Last Updated: 9 Sep, 2021
Share The Story
Hard
Asked in company
When a person knows a story and meets someone, he immediately shares the story at that timeStamp. Initially, only person 1 knows the story. You are given a list of meetings between people in the array ‘arr’ where each meeting is in the form of (person1, person2, timeStamp) where ‘person1‘ will tell the story to ‘person2’ at time ‘timeStamp’. Your task is to construct the list of people in sorted order who will know the story at the end.
For example:
Consider ‘arr’ = [(1, 2, 100), (3, 4, 200), (1, 3, 300), (2, 5, 400)]
Person 1 will tell the story to person 2 at 100th timeStamp.
Person 1 will tell the story to person 3 at 300th timeStamp.
Person 2 will tell the story to person 5 at 400th timeStamp.
Person 4 will not be able to learn the story.
So the output will be [1, 2, 3, 5].
Input Format :
The first line contains a single integer ‘T’ denoting the number of test cases, then each test case follows.
The first line of each test case contains an integer ‘N’, denoting the number of meeting between people.
The next ‘N’ lines contain 3 space-separated integers denoting ‘person1’, ‘person2’, and ‘timeStamp’.
Output Format :
For each test case, print an array of integers in sorted order representing all persons who will know the story by the end.
The output for each test case will be printed in a separate line.
Note :
You are not required to print anything; it has already been taken care of. Just implement the function.
Constraints :
1 <= T <= 10
1 <= N <= 10^5
1 <= person1 <= person2 <= 10^6
1 <= timeStamp <= 10^9
Time limit: 1 sec
Approaches
In the approach, we will use a depth-first search to find all persons who will know the store by the end. We will maintain a visited HashMap to store the people who have been visited. We will maintain a HashMap graph to create a directed edge for the meeting between the people.
We will create a recursive function helper(graph, visited, index, time) where graph and visited is the HashMap, the index is the current person, and time is the current time.
Algorithm:
- helper(graph, visited, index, time)
- Maintain an array ans.
- Set visited[index] as true;
- Iterate i from 0 to size of graph[index]
- Set curr as graph[index][i]
- We will check if visited[curr[0]] is equal to true or curr[1] is less than the time
- We will move to the next iteration.
- Create a recursive call and set k as helper(graph, visited, curr[0], curr[1]).
- Insert all the elements in k into ans.
- Return the array ans.
- Maintain a HashMap graph
- Iterate i from 0 to N - 1.
- Insert [arr[i][1], arr[i][2]] in graph[arr[i][0]].
- Maintain a HashMap visited.
- Set ans as a helper(graph, visited, 1, 0)
- Sort the array ans
- Return the array ans.
We will maintain a queue of persons. Initially, only person 1 knows the story, so we will push it into our queue. Now we will add all those people who are reachable from person1 into the queue with their time. We have the complete information of when the person gets to know about the story. So if a person doesn’t know the story yet, they will not be able to share it with others. Hence we will check whether a person knows the story before meeting another person or not.
Algorithm:
- We will maintain a queue and push 1 into it, as only 1 knows the story initially.

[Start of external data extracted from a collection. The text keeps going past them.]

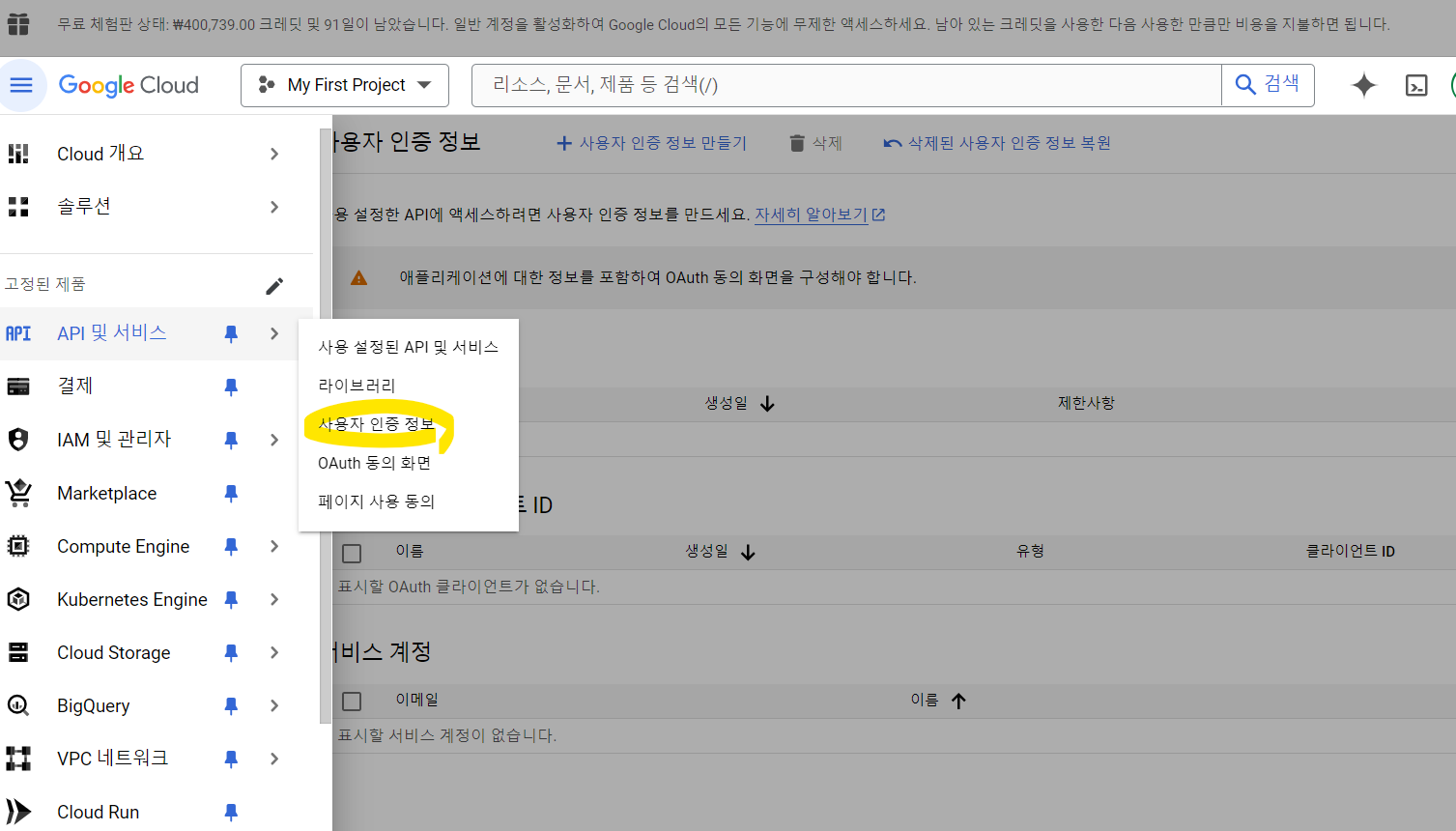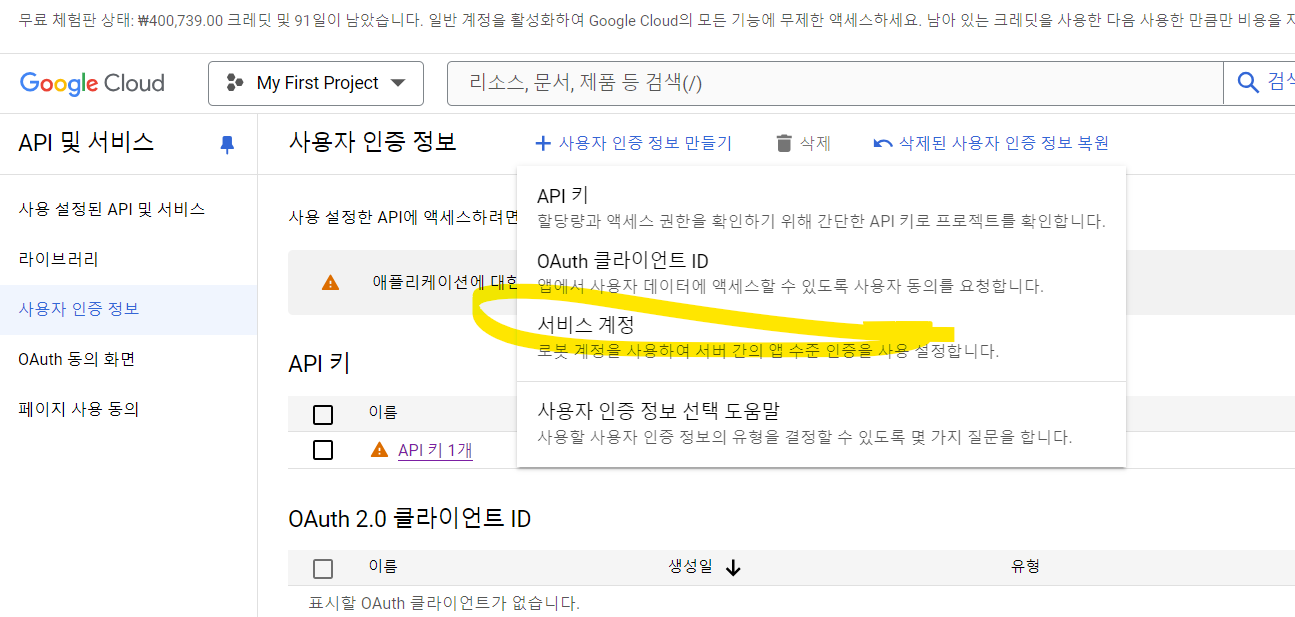 누르면 'API 키', 'OAuth 클라이언트 ID', '서비스 계정'이 있다.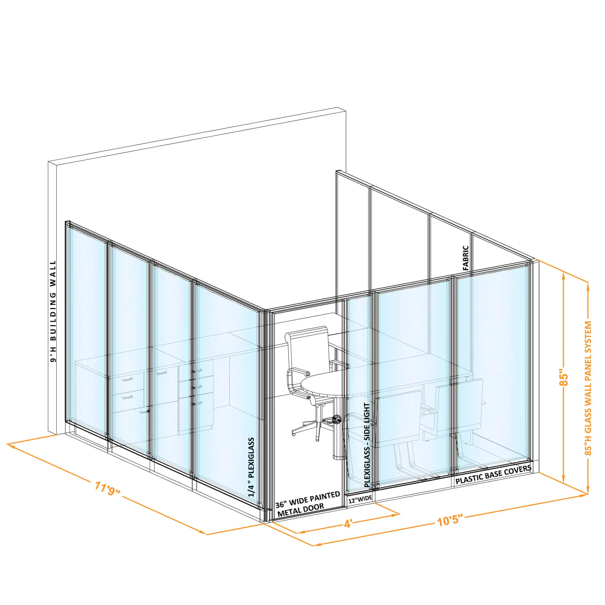 These interior office walls are not freestanding and must be connected to each other, run no longer than 10ft, and attach securely to a fixed wall with O2™ hardware components to stand safely. Perpendicular attachment at 90 degrees only.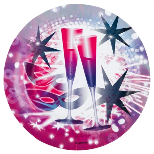 Pezsgőspoharas, Happy New Year papírtányér, 23 cm -es, 8 db/cs. Minden fergeteges szilveszteri party elengedhetetlen kelléke a papírtányér. Egészítsd ki hozzá illő pohárral és szalvétával és dobd fel a hangulatot!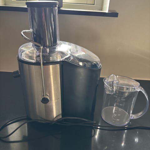 Braun saftpresser i hvid plast med gennemsigtige dele. Enheden har påfyldningsrør, presserstempel, aftagelig juicekande med håndtag samt integreret si og riveindsats i metal. Egnet til presning af frugt og grøntsager i husholdningen. Aftagelige dele gør rengøring lettere, og saftpresseren tilsluttes almindelig stikkontakt.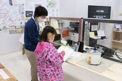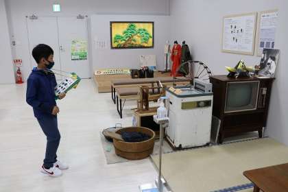 体験コーナーでは大喜びです。「昔の洗濯機・テレビ」「電気釜」の説明に聴き入る子どもたち、素晴らしいです。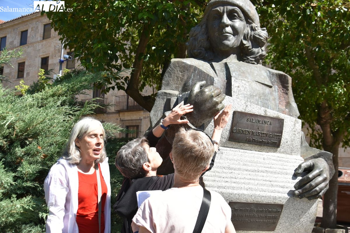 Cae el agua en la fuente de la Plaza de los Bandos con su música a despecho de los años que han pasado y las futuras reformas municipales que han de mantener su esencia decimonónica. Suspiran los perros guías buscando la sombra de un sábado que ya apunta calores, mientras este grupo tan especial de turistas literarios escucha atentamente las páginas que tan bien han leído previamente. Amigos desde la infancia en las escuelas de la ONCE, este grupo de amantes de la lectura no solo intercambian libros, sino que organizan viajes literarios, perfectamente documentados, para visitar los espacios de las novelas que les han gustado. Ya recorrieron Valencia buscando los rastros de Arroz y tartana, o el Oviedo húmedo y hospitalario de La regenta. Han pateado el Valladolid de El Hereje, el Madrid de Fortunata y Jacinta, y ahora, es Carmen Martín Gaite, aquella a la que la ciudad hace esperar para un merecido medallón en "su" plaza grande, quien les recibe.
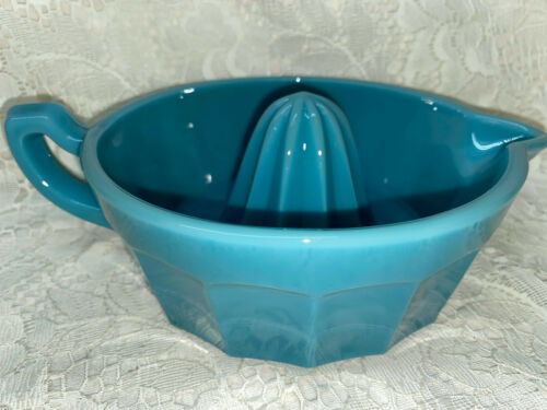 Title (ebay affiliate link): Blue Milk Glass lemon Juicer hand reamer fruit orange dish citrus pour spout 8"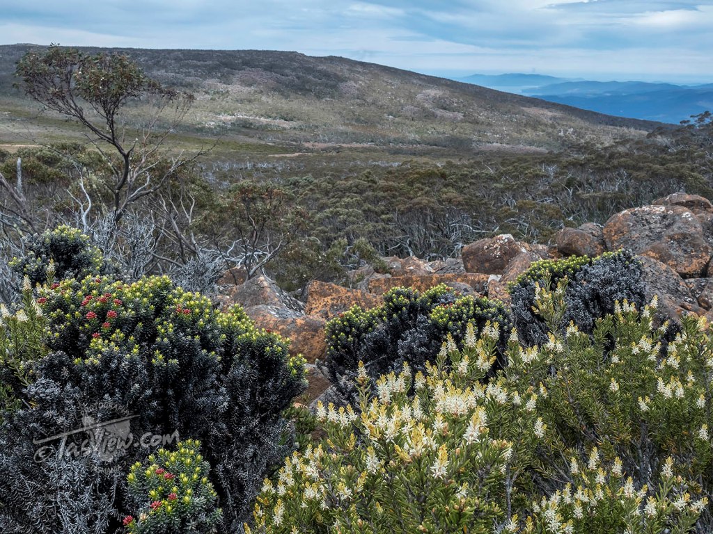 It’s completely different over the back of the mountain, low alpine shrubs and stunted, twisted trees weather-beaten with high winds, extreme cold and hot temperatures, it’s kind of almost desert like.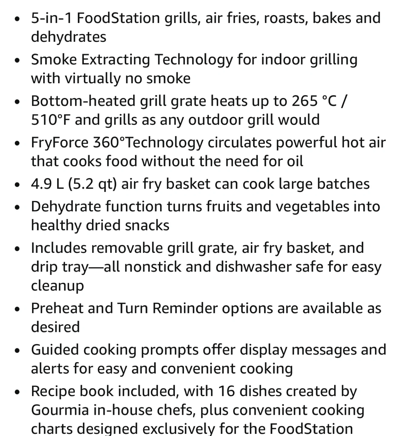 Gourmia FoodStation 5-in-1 Smokeless Grill & Air Fryer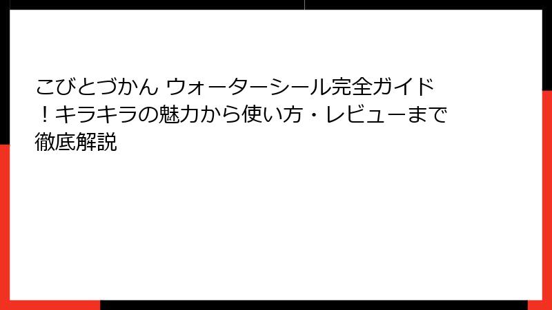 子供たちの想像力を刺激する人気シリーズ「こびとづかん」から登場した、キラキラ輝くウォーターシールについて、今回は徹底的に掘り下げていきます。
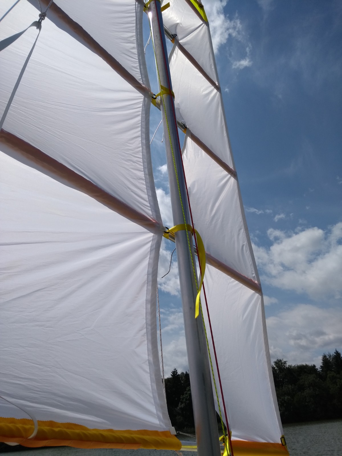- Ultra-short batten parrels. These are looped through plastic D-rings on the mainlet luff and go diagonally around the joint between the batten and mast. Very crude but seem to work ok. If too tight they stop the sail dropping properly. Using slippery polyester tape probably helps.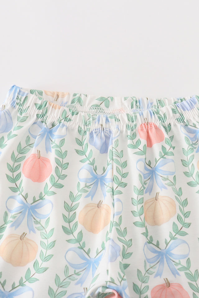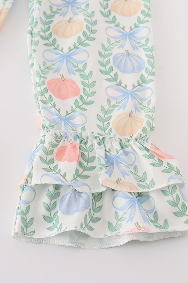 Abby & Evie Blue Pumpkin Embroidery Girl Set Girl Ruffle Pants Set 120931

- While the queue is NOT empty, we will do the following steps:
- First, we will see all the persons connected to 1. We will add them to the queue.
- We will add the front of the queue into our answer.
- Before adding, we will check for the condition: if the person who is in the front of the queue already knows the story.
- To check this condition, we will see:
- If the timestamp of the person being added to the queue is greater than the timestamp of the person in front of the queue, then add it to the queue.
- Else, don’t add it to the queue.
- Pop the front element of the queue.
- After that, we will sort our answer array and return it.